Skip the pictures. Give all the data again exactly.

───── DATASET RECORDS ─────

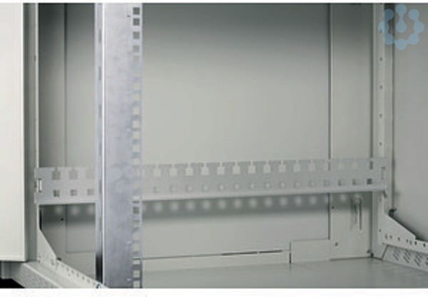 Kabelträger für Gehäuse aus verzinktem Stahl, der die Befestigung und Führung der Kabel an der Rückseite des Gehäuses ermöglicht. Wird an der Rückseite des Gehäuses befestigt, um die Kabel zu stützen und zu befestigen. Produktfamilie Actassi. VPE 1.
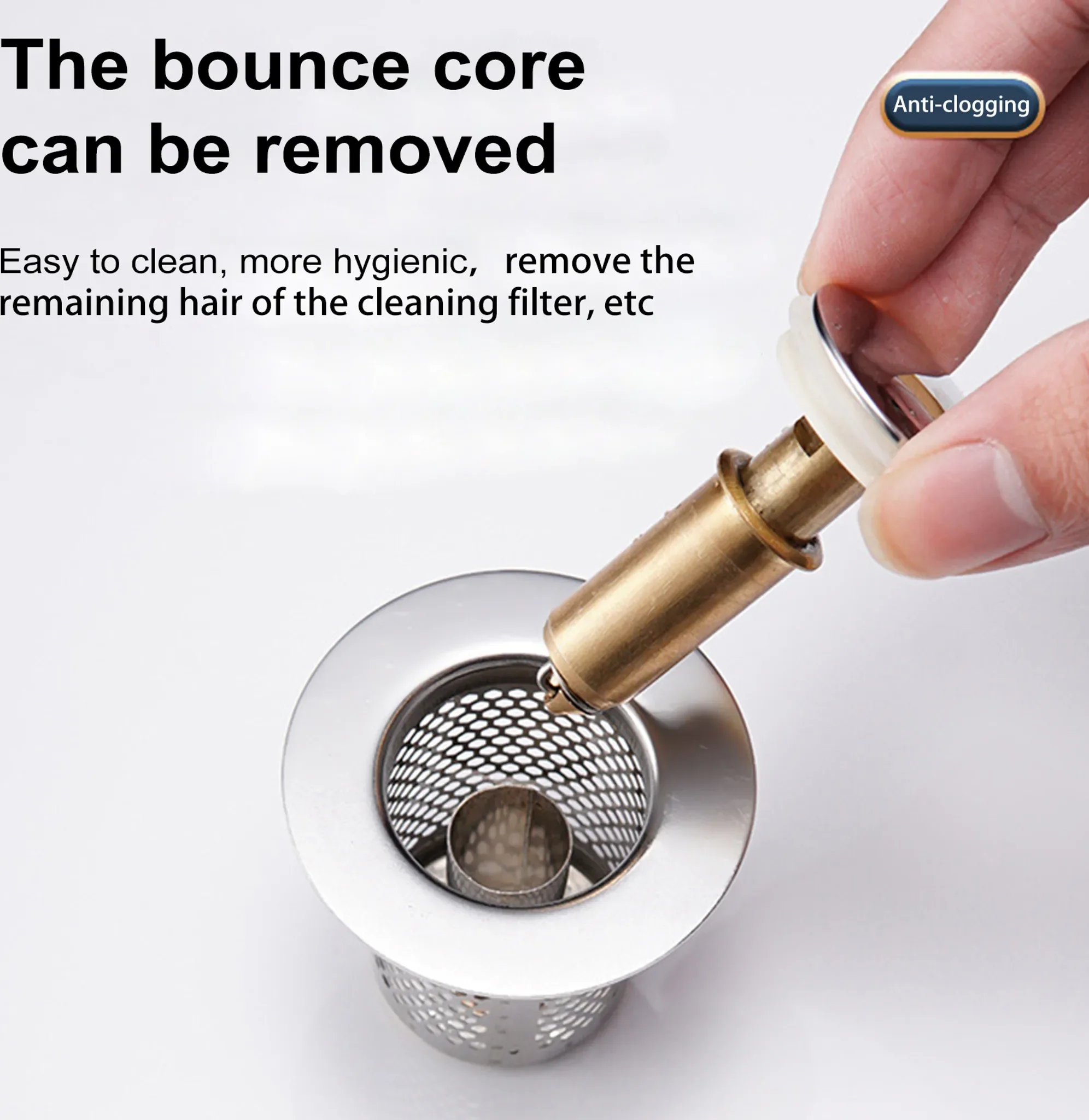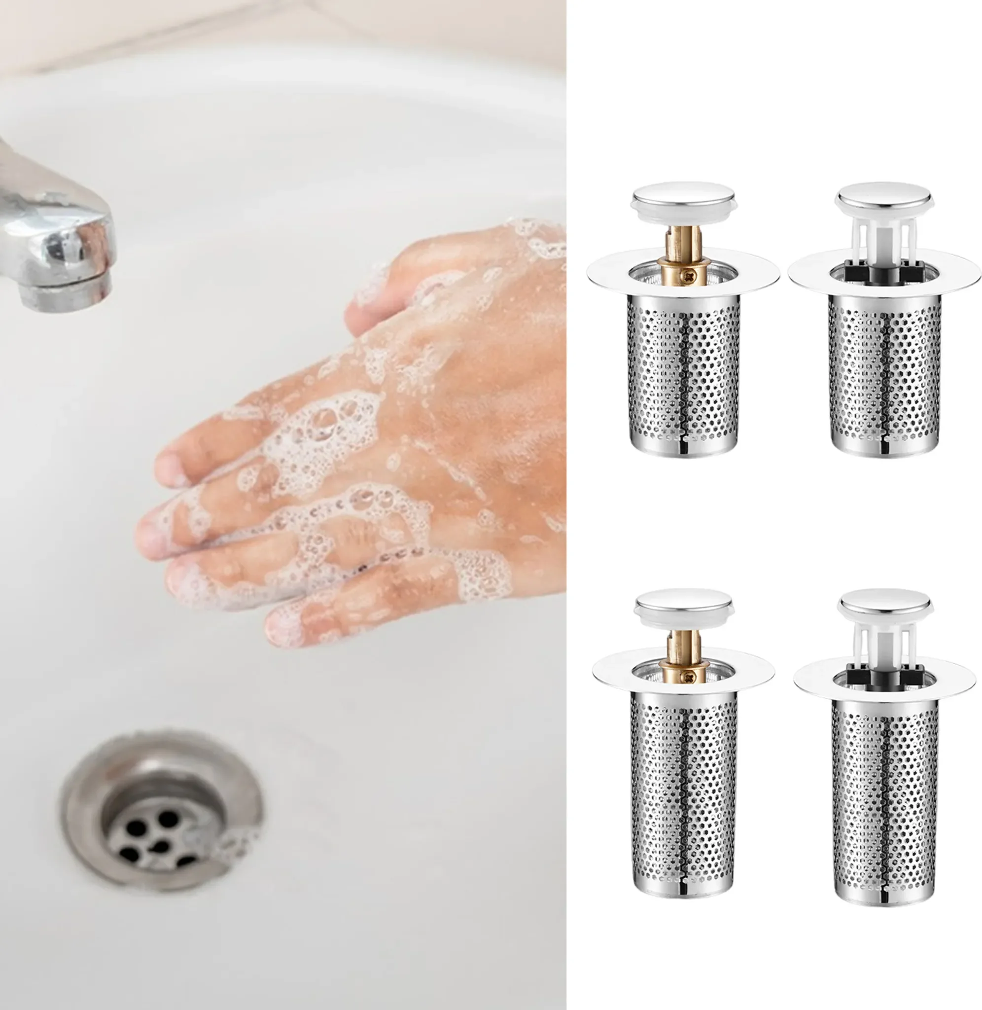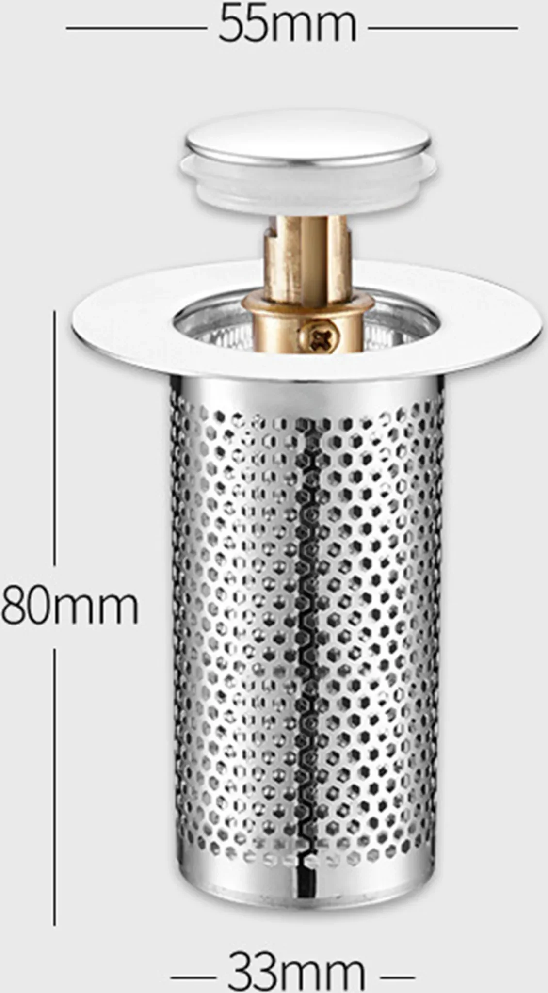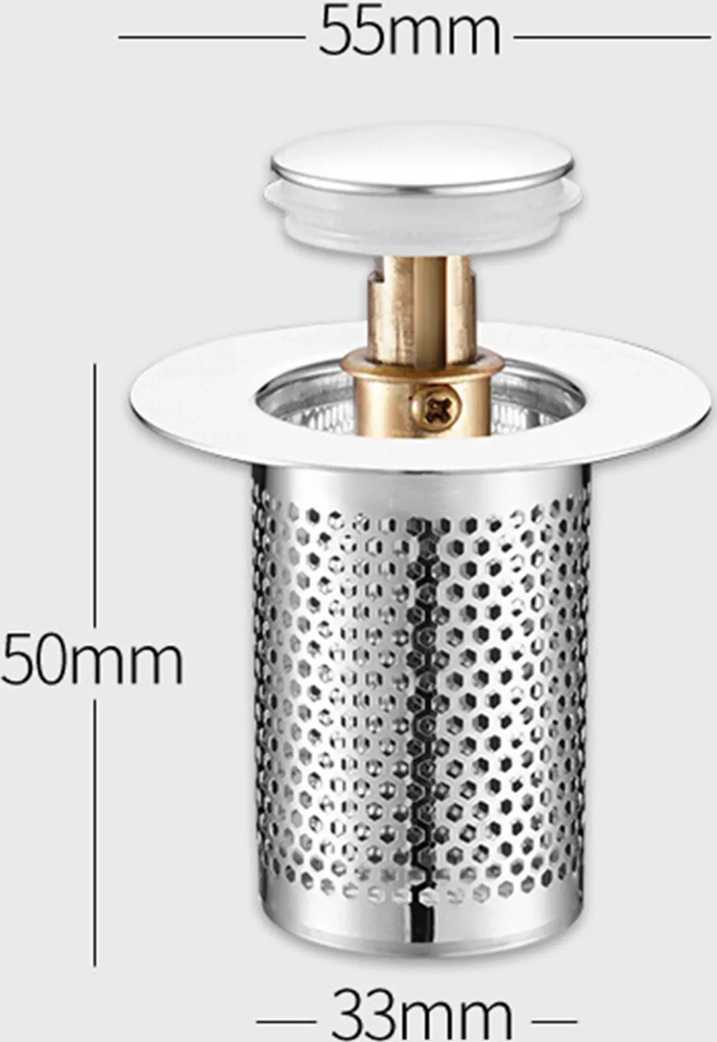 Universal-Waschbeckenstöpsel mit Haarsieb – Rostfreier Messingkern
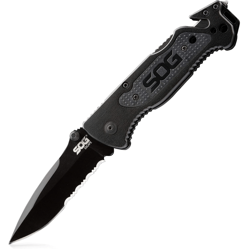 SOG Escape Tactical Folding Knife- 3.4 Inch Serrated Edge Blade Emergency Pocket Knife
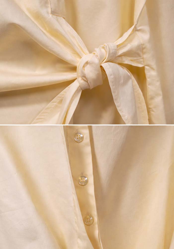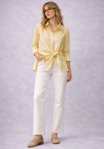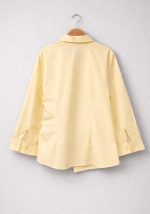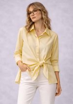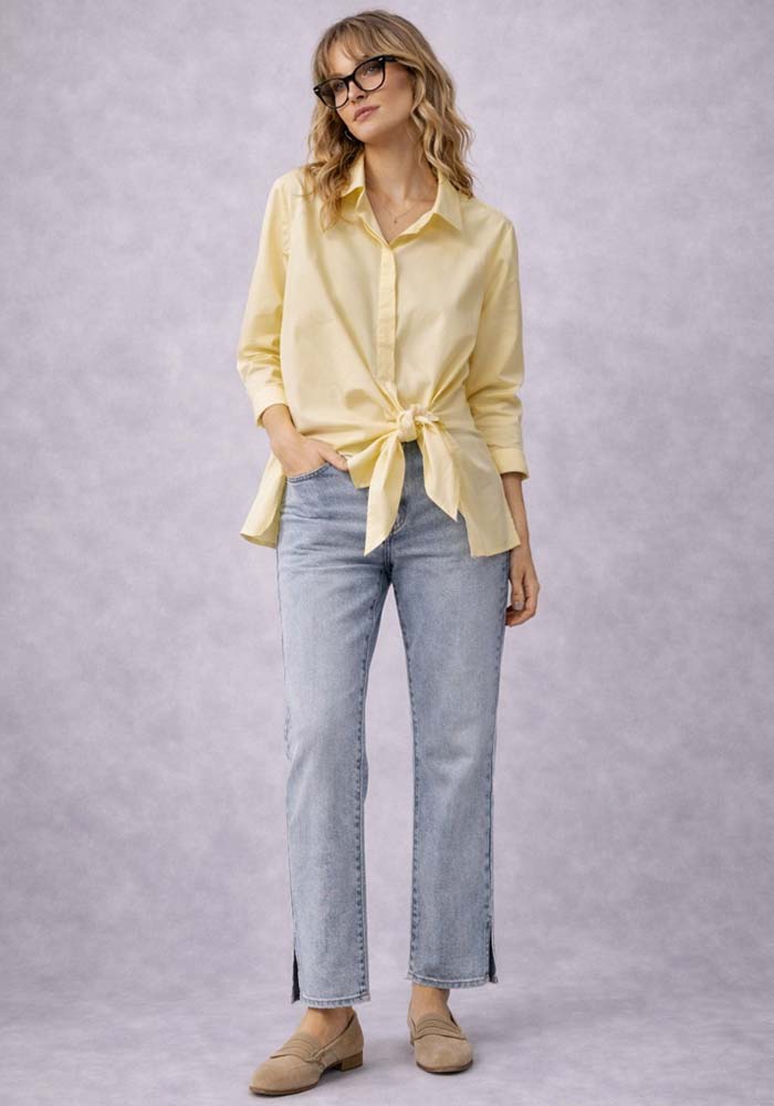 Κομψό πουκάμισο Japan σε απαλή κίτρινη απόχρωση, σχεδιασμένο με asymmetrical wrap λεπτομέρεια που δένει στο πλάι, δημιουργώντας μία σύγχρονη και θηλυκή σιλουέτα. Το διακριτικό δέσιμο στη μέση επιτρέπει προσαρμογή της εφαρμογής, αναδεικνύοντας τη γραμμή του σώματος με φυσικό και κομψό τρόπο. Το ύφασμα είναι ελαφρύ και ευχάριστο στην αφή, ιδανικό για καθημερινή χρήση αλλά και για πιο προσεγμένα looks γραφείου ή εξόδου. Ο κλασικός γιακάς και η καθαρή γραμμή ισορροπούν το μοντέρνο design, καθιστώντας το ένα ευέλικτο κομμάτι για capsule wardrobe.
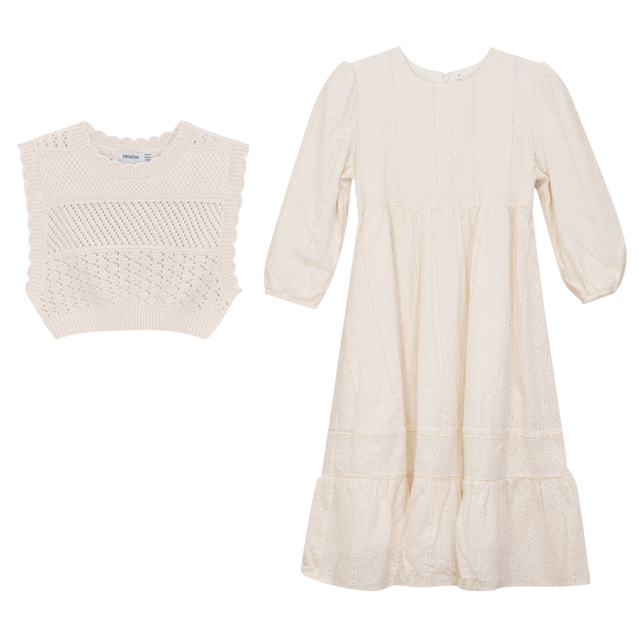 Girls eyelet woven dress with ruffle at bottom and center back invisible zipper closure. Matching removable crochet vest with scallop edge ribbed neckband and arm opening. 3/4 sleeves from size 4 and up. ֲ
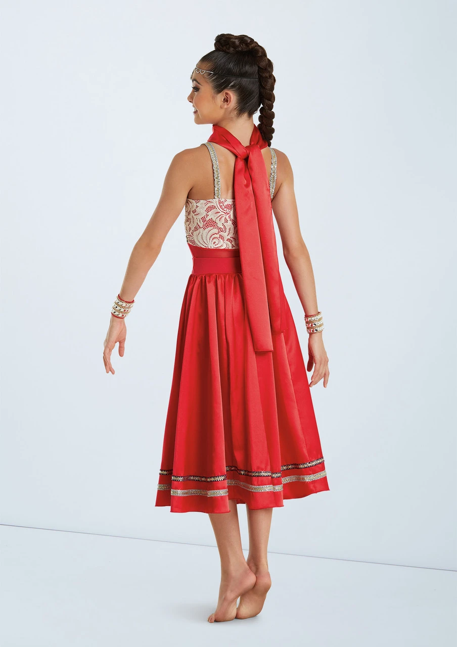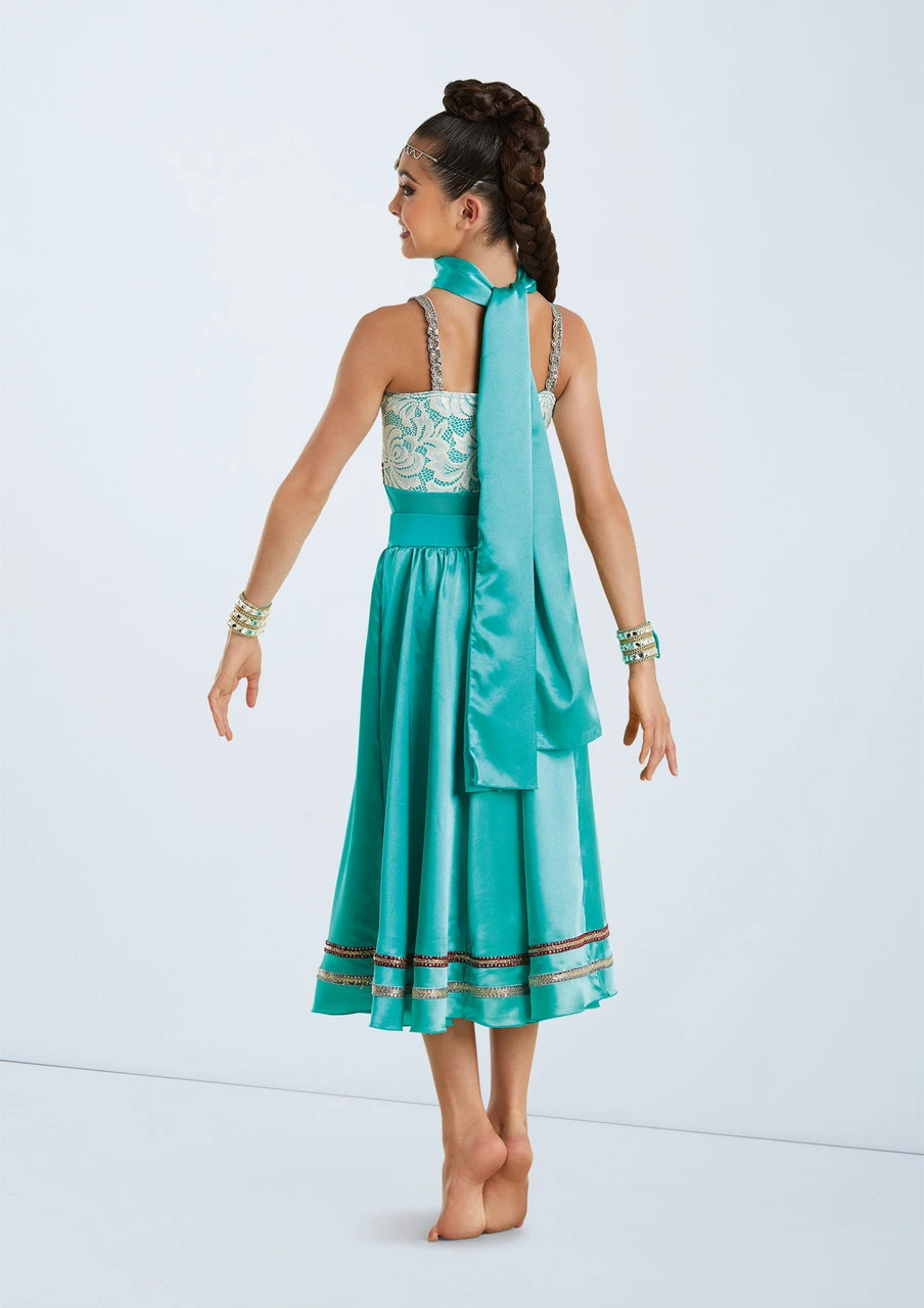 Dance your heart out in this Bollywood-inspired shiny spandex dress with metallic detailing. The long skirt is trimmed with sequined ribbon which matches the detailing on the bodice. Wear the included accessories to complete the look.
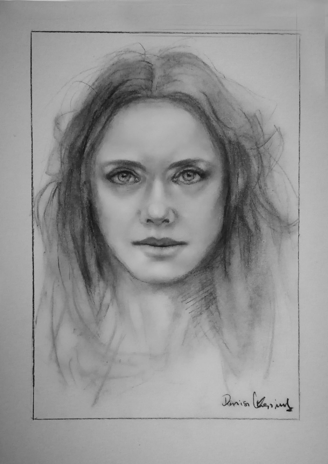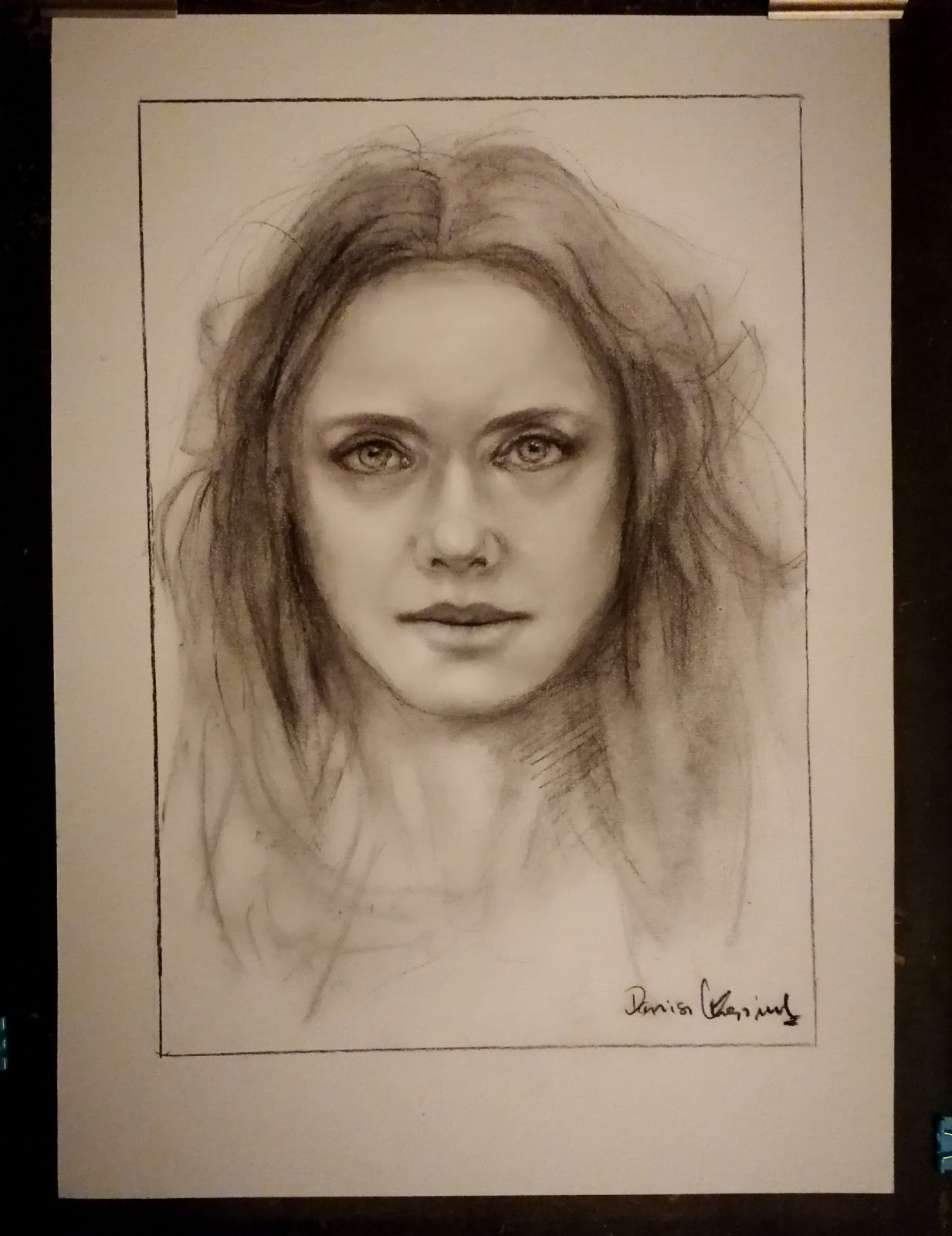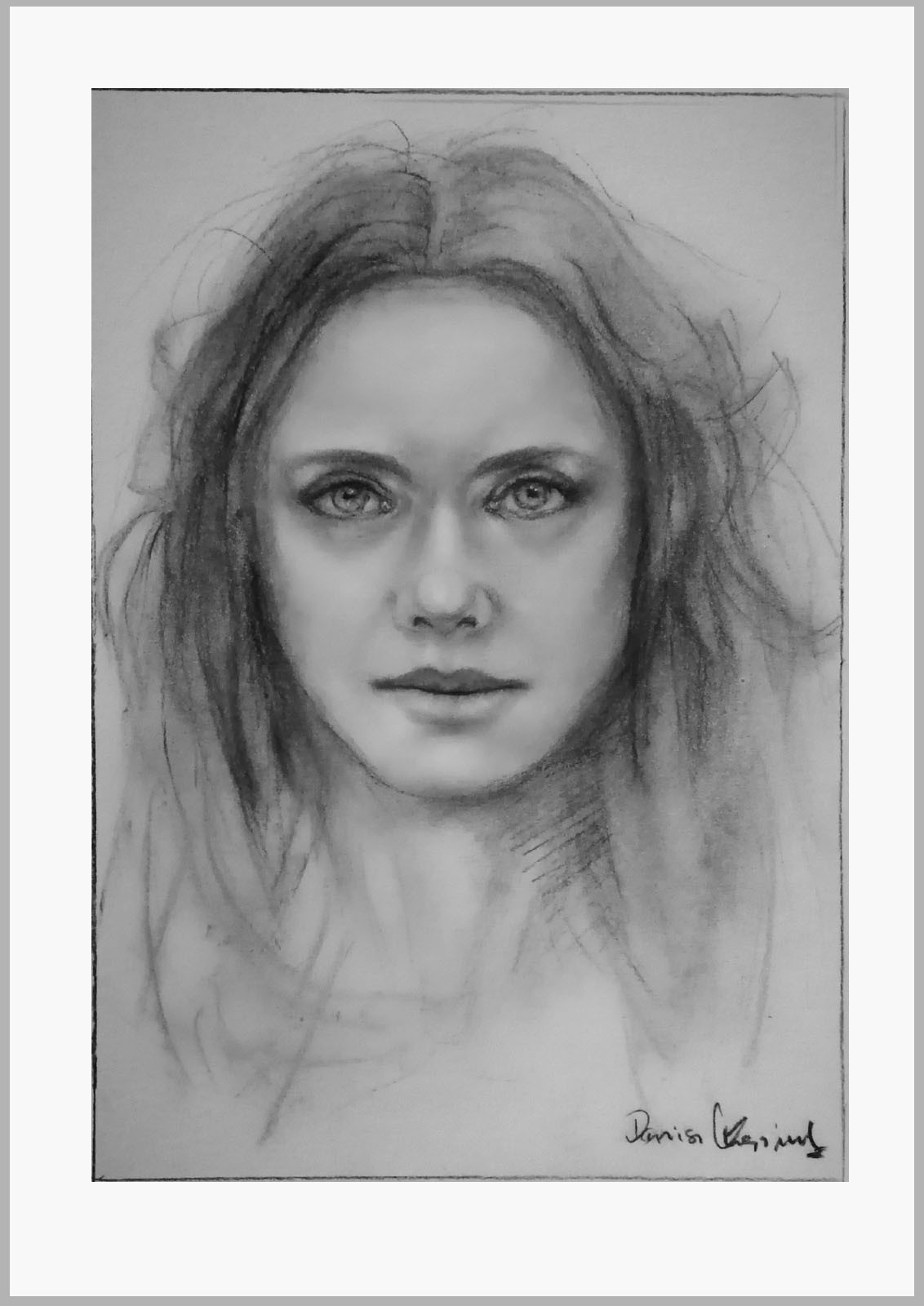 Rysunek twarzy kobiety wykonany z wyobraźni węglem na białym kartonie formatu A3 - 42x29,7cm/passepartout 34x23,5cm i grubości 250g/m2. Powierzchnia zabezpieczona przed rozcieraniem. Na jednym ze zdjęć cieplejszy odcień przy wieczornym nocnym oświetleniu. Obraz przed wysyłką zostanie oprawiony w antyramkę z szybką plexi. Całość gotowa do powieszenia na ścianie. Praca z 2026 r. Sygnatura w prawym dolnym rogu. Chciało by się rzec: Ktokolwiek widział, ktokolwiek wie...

─────

## ANSWER TO THIS PROBLEM
 Kabelträger für Gehäuse aus verzinktem Stahl, der die Befestigung und Führung der Kabel an der Rückseite des Gehäuses ermöglicht. Wird an der Rückseite des Gehäuses befestigt, um die Kabel zu stützen und zu befestigen. Produktfamilie Actassi. VPE 1.
 Universal-Waschbeckenstöpsel mit Haarsieb – Rostfreier Messingkern
 SOG Escape Tactical Folding Knife- 3.4 Inch Serrated Edge Blade Emergency Pocket Knife
 Κομψό πουκάμισο Japan σε απαλή κίτρινη απόχρωση, σχεδιασμένο με asymmetrical wrap λεπτομέρεια που δένει στο πλάι, δημιουργώντας μία σύγχρονη και θηλυκή σιλουέτα. Το διακριτικό δέσιμο στη μέση επιτρέπει προσαρμογή της εφαρμογής, αναδεικνύοντας τη γραμμή του σώματος με φυσικό και κομψό τρόπο. Το ύφασμα είναι ελαφρύ και ευχάριστο στην αφή, ιδανικό για καθημερινή χρήση αλλά και για πιο προσεγμένα looks γραφείου ή εξόδου. Ο κλασικός γιακάς και η καθαρή γραμμή ισορροπούν το μοντέρνο design, καθιστώντας το ένα ευέλικτο κομμάτι για capsule wardrobe.
 Girls eyelet woven dress with ruffle at bottom and center back invisible zipper closure. Matching removable crochet vest with scallop edge ribbed neckband and arm opening. 3/4 sleeves from size 4 and up. ֲ
 Dance your heart out in this Bollywood-inspired shiny spandex dress with metallic detailing. The long skirt is trimmed with sequined ribbon which matches the detailing on the bodice. Wear the included accessories to complete the look.
 Rysunek twarzy kobiety wykonany z wyobraźni węglem na białym kartonie formatu A3 - 42x29,7cm/passepartout 34x23,5cm i grubości 250g/m2. Powierzchnia zabezpieczona przed rozcieraniem. Na jednym ze zdjęć cieplejszy odcień przy wieczornym nocnym oświetleniu. Obraz przed wysyłką zostanie oprawiony w antyramkę z szybką plexi. Całość gotowa do powieszenia na ścianie. Praca z 2026 r. Sygnatura w prawym dolnym rogu. Chciało by się rzec: Ktokolwiek widział, ktokolwiek wie...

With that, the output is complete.